= Grenland =

Former district in Telemark county, Norway

Grenland is a traditional district in Telemark county, in the south-east of Norway. "Grenland" has referred to varying locations throughout history. In modern times, Grenland refers to the areas of the municipalities of Skien, Porsgrunn, Bamble, and Siljan. Sometimes Kragerø Municipality and Drangedal Municipality are also considered to be part of the area. The region encompasses 1794 km2 and has 122,978 inhabitants (2004), which translates as 12% of the area and 64% of the population of Telemark.

Grenland is the core area of a slightly larger traditional district known as Nedre Telemark ("Lower Telemark") which includes all of Grenland plus Midt-Telemark Municipality and the Heddal area of Notodden Municipality.

Grenland is also used as the name of an urban agglomeration consisting of the cities of Skien and Porsgrunn.

Areas that are part of Grenland
| Municipality | Population | Area (km^{2}) | Density (pop. per km^{2}) |
|---|---|---|---|
| Skien Municipality | 55,513 | 779 | 77 |
| Porsgrunn Municipality | 36,624 | 164 | 228 |
| Bamble Municipality | 14,056 | 304 | 50 |
| Siljan Municipality | 2,349 | 214 | 12 |
| Drangedal Municipality | 4,093 | 1063 | 4 |
| Kragerø Municipality | 10,351 | 305 | 36 |
| Total | 122,986 | 2,615 | 47 |

==History==
In the early Viking Age, before Harald Fairhair, Grenland was a petty kingdom. Originally Grenland was probably the name of the region surrounding the lake Norsjø in Nedre Telemark. Grenland was located within the old Grænafylket (or Grenafylket) county which contained all of Grenland plus the coastal region known as Vestmar.

Vestmar is assumed to signify the land to the west of the sea (mar), however sea in this case should be interpreted as fjord, i.e. Langesundsfjorden. Vestmar was described as a county already in the 8th century AD.

The name Grenland is derived from a people, the Grener, i.e. "the land of the Grener". It is mentioned as a Gothic nation by Jordanes in his work Getica from about 551 AD: "Sunt quamquam et horum positura Granii, Agadii, Eunixi, Thelae, Rugi, Harothi, Ranii." (Getica, III:24)

===20th century===
During the period of the municipality mergers in Norway, the chief administrative officer (fylkesmann) in Telemark proposed that the municipalities Skien, Solum, Gjerpen, Porsgrunn, Eidanger and Brevik be merged to form a large urban municipality centered on Skien. The municipalities had been closely integrated since the establishment of the Hydro factory at Herøya, and conurbation between the settlements was also significant.
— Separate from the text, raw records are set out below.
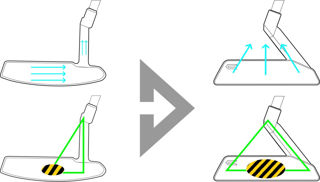 マレット型で独自の三角構造を採用しました。シャフトをセンター置くことでトゥとヒールの安定したバランスを保ったまま、直進性高いストロークができるようになりました。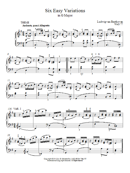 Download or print Ludwig van Beethoven Six Variations In G Major, WoO 77 sheet music, chords and digital score arranged for Piano Solo. This Classical score includes 8 page(s).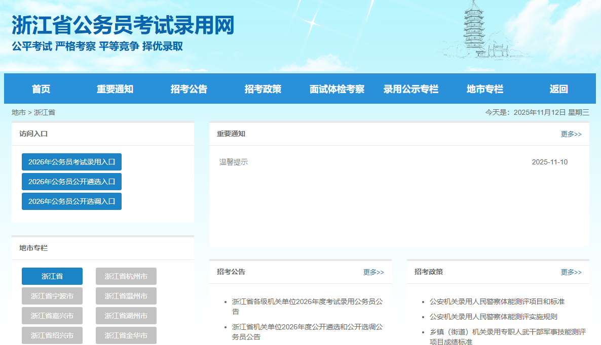 2026年浙江省公务员考试缴费时间是2025年11月14日9时-11月18日17时,考生务必在规定时间内完成缴费,逾期未缴费者视为自动放弃报名资格。
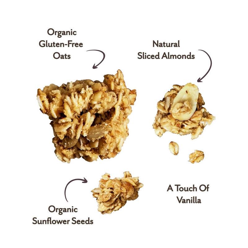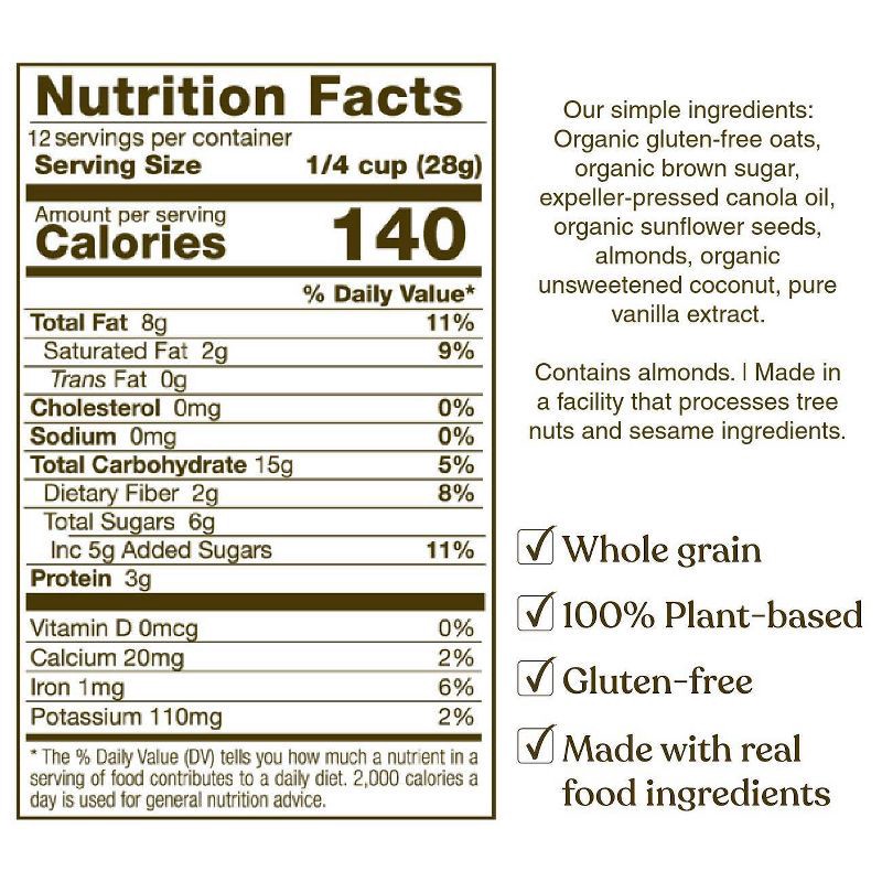 Our Simple Ingredients: Organic Gluten-Free Oats, Organic Brown Sugar, Expeller-Pressed Canola Oil, Organic Sunflower Seeds, Almonds, Organic Unsweetened Coconut, Pure Vanilla Extract.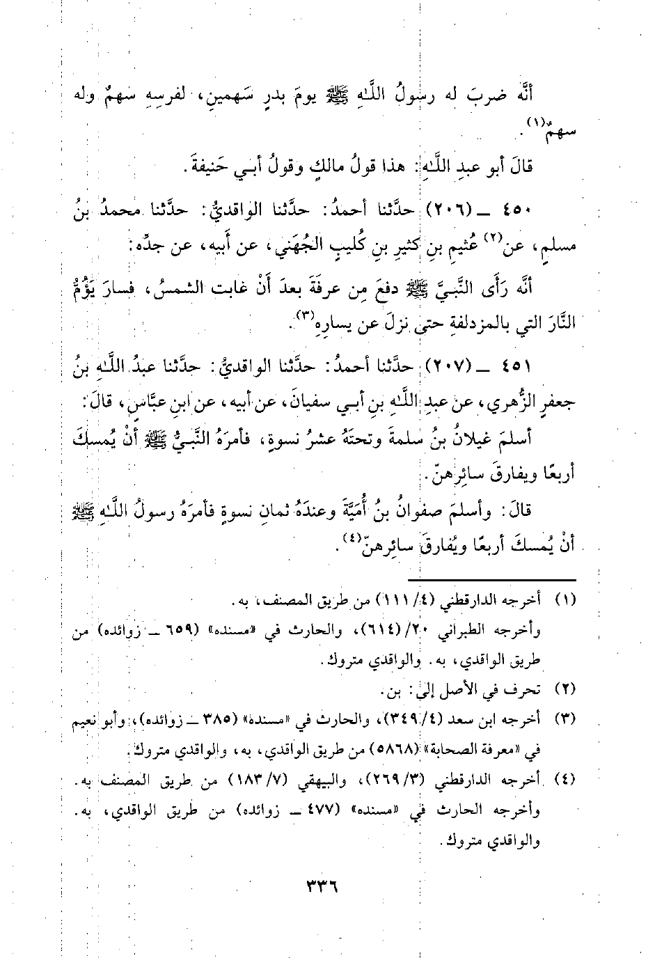 451 - (207) حَدَّثَنَا أَحْمَدُ: حَدَّثَنَا الْوَاقِدِيُّ: حَدَّثَنَا عَبْدُ اللَّهِ بْنُ جَعْفَرٍ الزُّهْرِيُّ، عَنْ عَبْدِ اللَّهِ بْنِ أَبِي سُفْيَانَ، عَنْ أَبِيهِ، عَنِ ابْنِ عَبَّاسٍ، قَالَ: أَسْلَمَ غَيْلانُ بْنُ سَلَمَةَ وَتَحْتَهُ عَشْرُ نِسْوَةٍ، فَأَمَرَهُ النَّبِيُّ صَلَّى اللَّهُ عَلَيْهِ وَسَلَّمَ أَنْ يُمْسِكَ أَرْبَعًا وَيُفَارِقَ سَائِرَهُنَّ. قَالَ: وَأَسْلَمَ صَفْوَانُ بْنُ أُمَيَّةَ وَعِنْدَهُ ثَمَانِ نِسْوَةٍ فَأَمَرَهُ رسول الله إِنَّ يُمْسِكَ أَرْبَعًا ويفارق سائرهن.
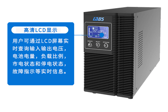用戶可通過LCD屏幕實時查詢輸入輸出電壓,電池電量,負載比例,市電狀態和停電狀態,故障指示等實時信息。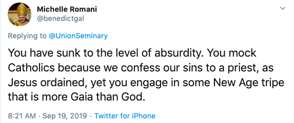 Another user wrote, “You have sunk to the level of absurdity. You mock Catholics because we confess our sins to a priest, as Jesus ordained, yet you engage in some New Age tripe that is more Gaia than God.”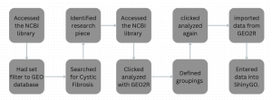 GEO2R (www.ncbi.nlm.nih.gov/geo/geo2r/) is an online tool designed for comparing and analyzing gene expression across different sample groups. It shows data as visual data charts Accessed the NCBI library. I used the GEO database to search for cystic fibrosis microarray data. I identified a dataset from research on cystic fibrosis that found that CFTR deficiency in cystic fibrosis disrupts lipid metabolism, promotes chronic oxidative stress, and drives a persistent pro-inflammatory state in airway epithelial cells. I then processed this GEO dataset for my study.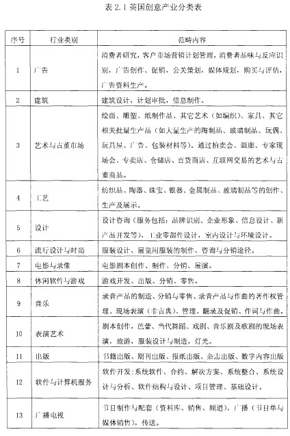目前,國內外對文化創意產業的稱謂不盡相同,包含的行業類別也頗有不同,根據文化創意產業的本質特點和屬性分析,這些概念和分類既有屬于文化創意產業的內容,也有不在其范疇的方面,但均可為界定文化創意產業的概念和分類提供參考。英國采用“創意產業”的概念,將其界定為“源自個人創意、技巧及刁`華,通過知識產權的開發及應用,具有創造財富和就業潛力的行業”〔詳見表2.1)。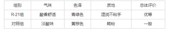 將發(fā)酵120d的青貯飼料按德國農(nóng)業(yè)協(xié)會(huì)青貯感官評分標(biāo)準(zhǔn)及等級評定方法,從色澤、氣味、質(zhì)地三方面進(jìn)行感官綜合評價(jià)。具體評價(jià)結(jié)果如表1所示,添加植物乳桿菌R-21的發(fā)酵飼料在氣味、色澤、質(zhì)地三方面的各個(gè)指標(biāo)均優(yōu)于對照組,與郝俊(2019)、張旭(2019)等研究結(jié)果一致,表明添加乳酸菌能顯著改善青貯發(fā)酵飼料的品質(zhì)。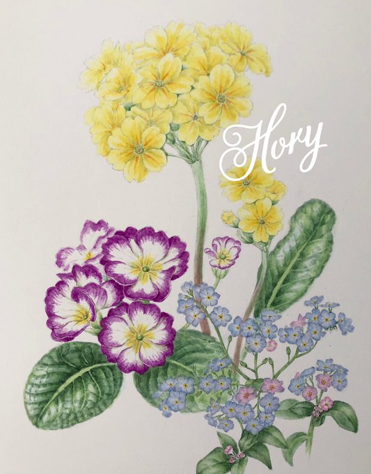 1 62 プリムラ アラカルトシュシュ プリムラ ジュリアン (サクラソウ科) ミオソティス ミオマルク[ワスレナグサ] (ムラサキ科) 構図苦手だけど あえて組み合わせて描くのにチャレンジしてみました😊 #プリムラ #ワスレナグサ #ボタニカルアート #植物画 #水彩画 #花 #イラスト 20/12/16 16:47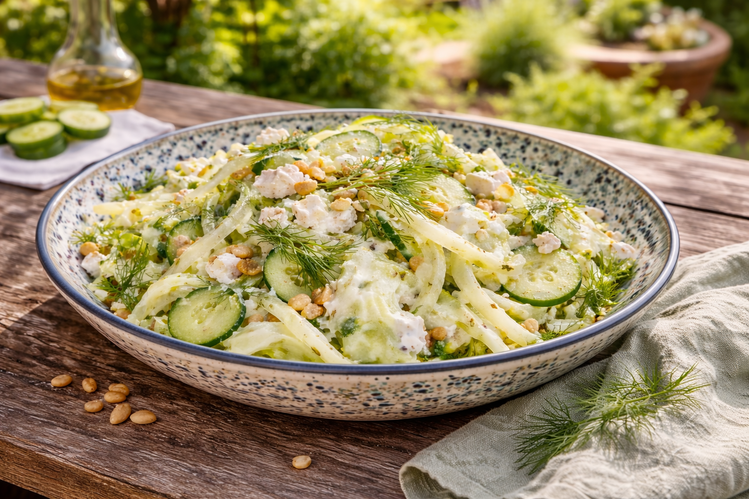 Unser »Fenchel-Gurken-Salat« ist ein echtes Nährstoffpaket aus Ballaststoffen, Vitaminen und Proteinen. Er ist also nicht nur lecker, sondern kann auch was. Gurke, Kohlrabi, Fenchel, Staudensellerie und ein cremiges Dressing aus Naturjoghurt, Senf, O'citron sowie etwas Süße. Die Zubereitung der Basis ist alles andere als aufwändig. Geröstete Pinienkerne sorgen als Topping für einen nussigen Biss. Und wer will, kann dem Ganzen mit etwas Feta noch eine herzhafte Krone aufsetzen.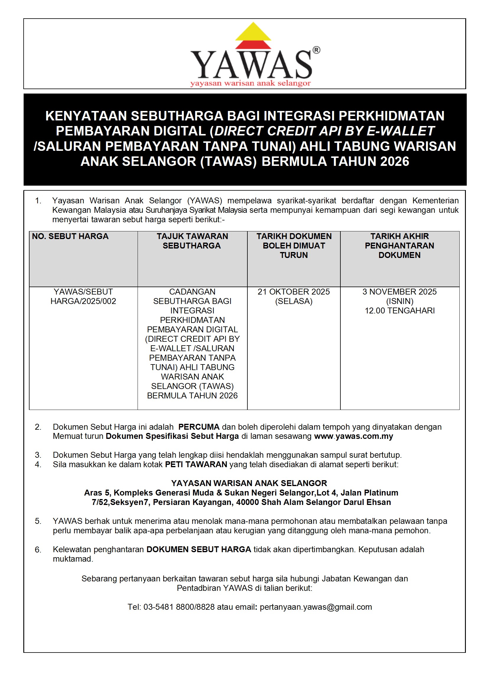 Yayasan Warisan Anak Selangor (YAWAS) mempelawa syarikat-syarikat berdaftar dengan Kementerian Kewangan Malaysia atau Suruhanjaya Syarikat Malaysia serta mempunyai kemampuan dari segi kewangan untuk menyertai tawaran sebut harga seperti berikut:-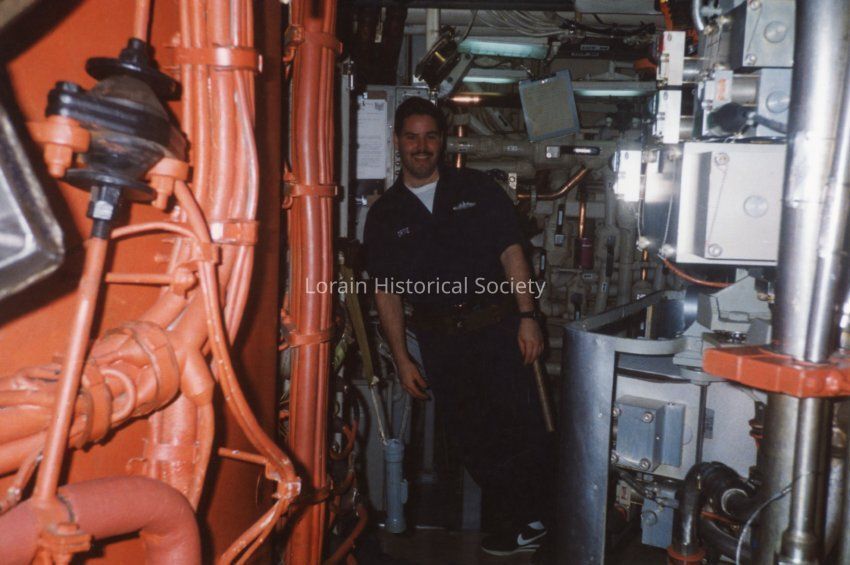 Photo of Victor Ortiz in his "poopy suit" (a jumper) on the submarine USS Michigan SSBN 727 between 1993 and 1995. The "poopy suit" could be used as a floatation device. The orange tubes housed missiles. Vic, standing watch as Nuclear Weapons Security, is leaning due to the submersion of the submarine. Vic served in the U.S. Navy.Collection
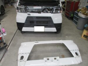 左ヘッドランプ・フロントバンパー交換部品を外して、ボンネットの修理をしていきました。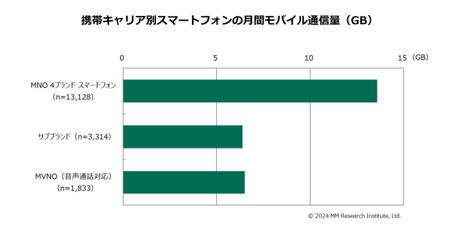 前回調査では、それまで下降トレンドであった月額料金は159円上昇したが、今回調査では113円の微減となった。要因は2023年以降に登場した各社の新プランへの移行が加速したためと分析。新プランではデータ通信量1GBあたりの料金が従来プランよりも安くなったが、月間データ通信量は平均で11.47GB(前回比0.39GB増)にとどまっている。つまり、データ通信量の増加が通信料単価の値下げ分を上回るほどの規模になっていないためと分析する。今後の月額利用料は新料金プランへの移行が増加するなかで、データ通信量がどれほど増加していくかによって上昇することも、減少することもあるだろう。MM総研ではスマートフォンの利用状況を継続的に分析していく。

However, the idea was opposed by Solum as well as Porsgrunn, Eidanger and Brevik and soon fell out of grace. Eidanger proposed a merger with Brevik and Porsgrunn, and the enlarged Porsgrunn municipality was finally created on 1 January 1964. Brevik lost its city status in the process. In light of this merger, the central authorities saw only one possible solution; a similar merger between Solum, Gjerpen and Skien. Unlike the first proposal, this was met by protests from Gjerpen - to no avail, as the case went to the Norwegian Parliament. The result was a significantly enlarged Skien municipality. On 1 January 1968 an area from the old Gjerpen and Solum municipalities with 3,554 inhabitants was moved to Porsgrunn.

In addition, the urban municipalities of Langesund and Stathelle were incorporated into the rural Bamble Municipality. Like Brevik, both Langesund and Stathelle lost their city status. Siljan municipality remained unaffected by the mergers, contrary to the initial expectations.